SOURCE DATA
+ + + + + + +
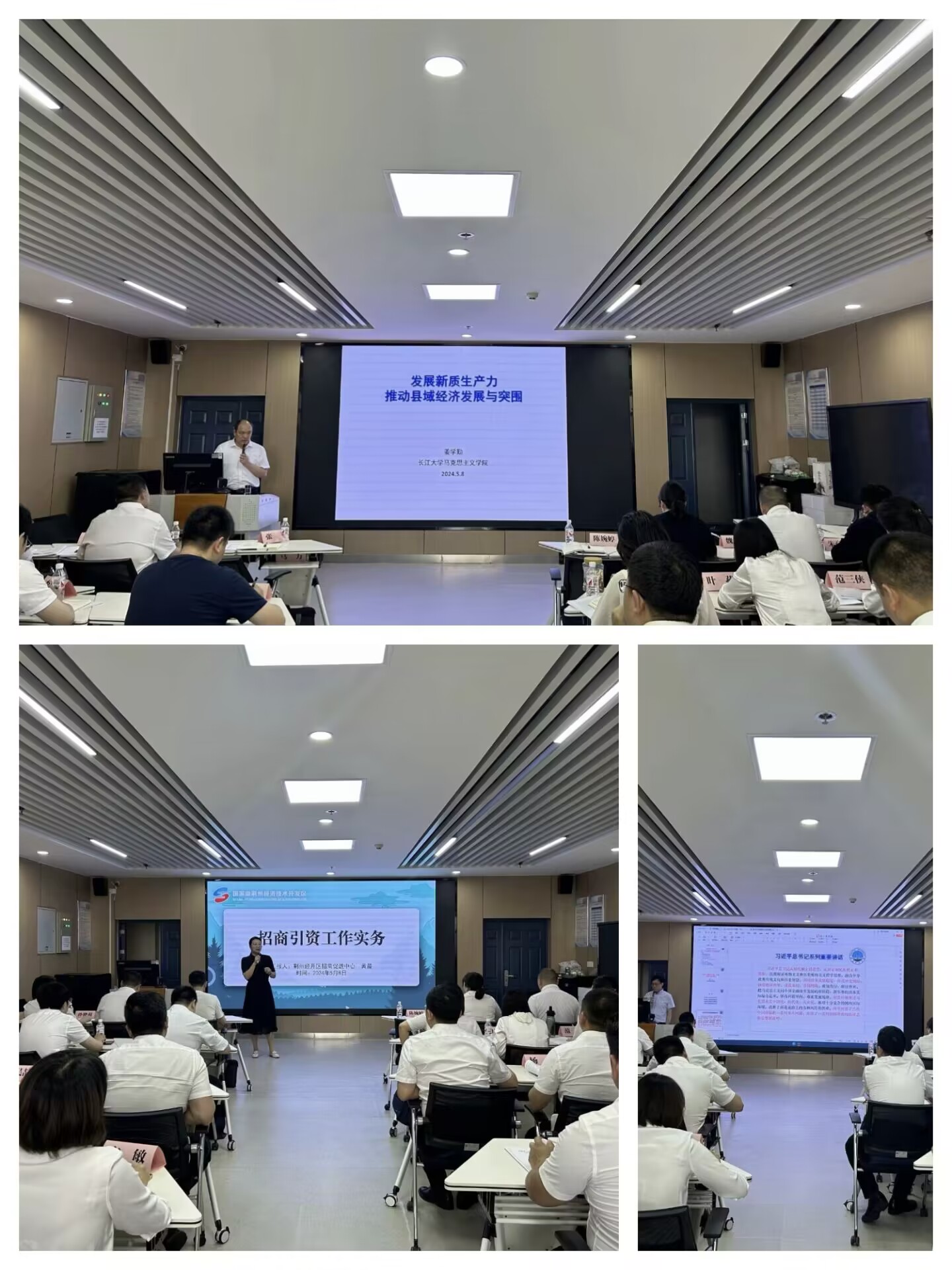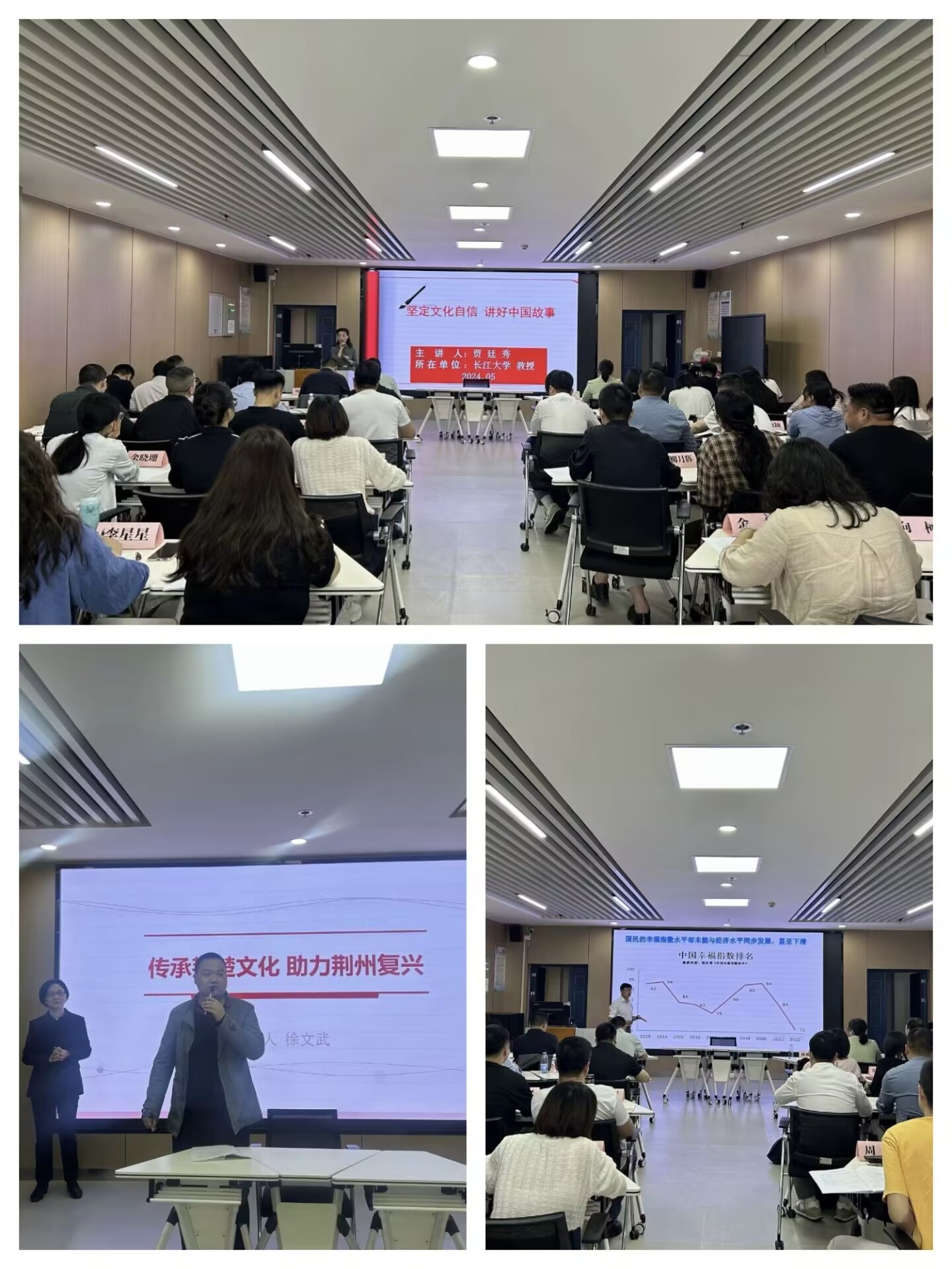 培训过程中,楚文化研究院教授徐文武以“传承荆楚文化,助力荆州复兴”为题、程坤书记以“领导干部心理调适与压力管理”为题、贾廷秀教授以“坚定文化自信,讲好中国故事”、经管学院吴雪莲教授以“培育新型农业经营主体 推进乡村振兴”为题、周中林教授的“管理沟通”、刘小燕书记以“强国建设从来不得半点虚功——习近平总书记关于力戒形式主义官僚主义论述学习体会”为题、梅平教授的“化工产业与环境保护”、姜学勤院长以“县域经济发展与突围”为题等为培训学员们带来了精彩的报告。荆州区经开区滩桥镇党委委员黄晨带来的“招商引资工作实务”以及湖北省共产党员英雄模范百封研究团队带来的情景教学互动教学:书信中的湖北精神特别让学员们印象深刻,沉浸式教学收获多感触深。
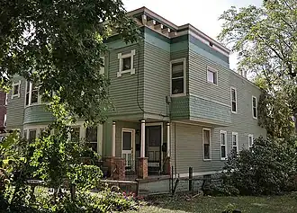 Erected in 1895,[1] the Landt Building is a residence featuring evidence of the transition in popular architectural styles occurring at the end of the century.[2] Its basic elements are ordinary: the walls are frame and topped with a flat roof, and the floor plan is a simple rectangle. Each of the house's sides is divided into four bays.[3] Both the front and the sides feature overhangs,[4] but the facade is markedly different from the other sides in its level of ornamentation. Placed on the side is a simple box-shaped structure on the second story only,[4] while two curved section, resembling shallow bay windows, project from the middle of the facade and rise from the ground to the roof. Each is pierced by three windows on each story, and the walls of the projections are partly covered with roofing shingles. Two main entrances are placed in the facade, one on each corner. The cornice is distinguished by a bed-mould of prominent dentils, architectural styling from a different period; the house is unusual for its mix of details from the Georgian style with components from the far later styles current in the 1890s.[3] Although originally built as a single-family residence, the Landt Building has since been converted into apartments.[1]
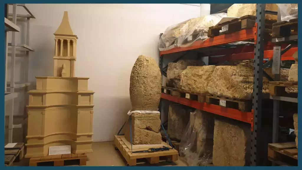 Dort werden Mosaike, Gemälde, Inschriften, Architekturblöcke, Gegenstände aller Art (Glas, Metall, Knochen, Keramik usw.) aufbewahrt und von Archäologen untersucht.
+ + + + + + +
TO DO
The expected answer is the listing above, duplicated exactly, with its pictures removed.

FINISHED EXERCISE
 培训过程中,楚文化研究院教授徐文武以“传承荆楚文化,助力荆州复兴”为题、程坤书记以“领导干部心理调适与压力管理”为题、贾廷秀教授以“坚定文化自信,讲好中国故事”、经管学院吴雪莲教授以“培育新型农业经营主体 推进乡村振兴”为题、周中林教授的“管理沟通”、刘小燕书记以“强国建设从来不得半点虚功——习近平总书记关于力戒形式主义官僚主义论述学习体会”为题、梅平教授的“化工产业与环境保护”、姜学勤院长以“县域经济发展与突围”为题等为培训学员们带来了精彩的报告。荆州区经开区滩桥镇党委委员黄晨带来的“招商引资工作实务”以及湖北省共产党员英雄模范百封研究团队带来的情景教学互动教学:书信中的湖北精神特别让学员们印象深刻,沉浸式教学收获多感触深。
 Erected in 1895,[1] the Landt Building is a residence featuring evidence of the transition in popular architectural styles occurring at the end of the century.[2] Its basic elements are ordinary: the walls are frame and topped with a flat roof, and the floor plan is a simple rectangle. Each of the house's sides is divided into four bays.[3] Both the front and the sides feature overhangs,[4] but the facade is markedly different from the other sides in its level of ornamentation. Placed on the side is a simple box-shaped structure on the second story only,[4] while two curved section, resembling shallow bay windows, project from the middle of the facade and rise from the ground to the roof. Each is pierced by three windows on each story, and the walls of the projections are partly covered with roofing shingles. Two main entrances are placed in the facade, one on each corner. The cornice is distinguished by a bed-mould of prominent dentils, architectural styling from a different period; the house is unusual for its mix of details from the Georgian style with components from the far later styles current in the 1890s.[3] Although originally built as a single-family residence, the Landt Building has since been converted into apartments.[1]
 Dort werden Mosaike, Gemälde, Inschriften, Architekturblöcke, Gegenstände aller Art (Glas, Metall, Knochen, Keramik usw.) aufbewahrt und von Archäologen untersucht.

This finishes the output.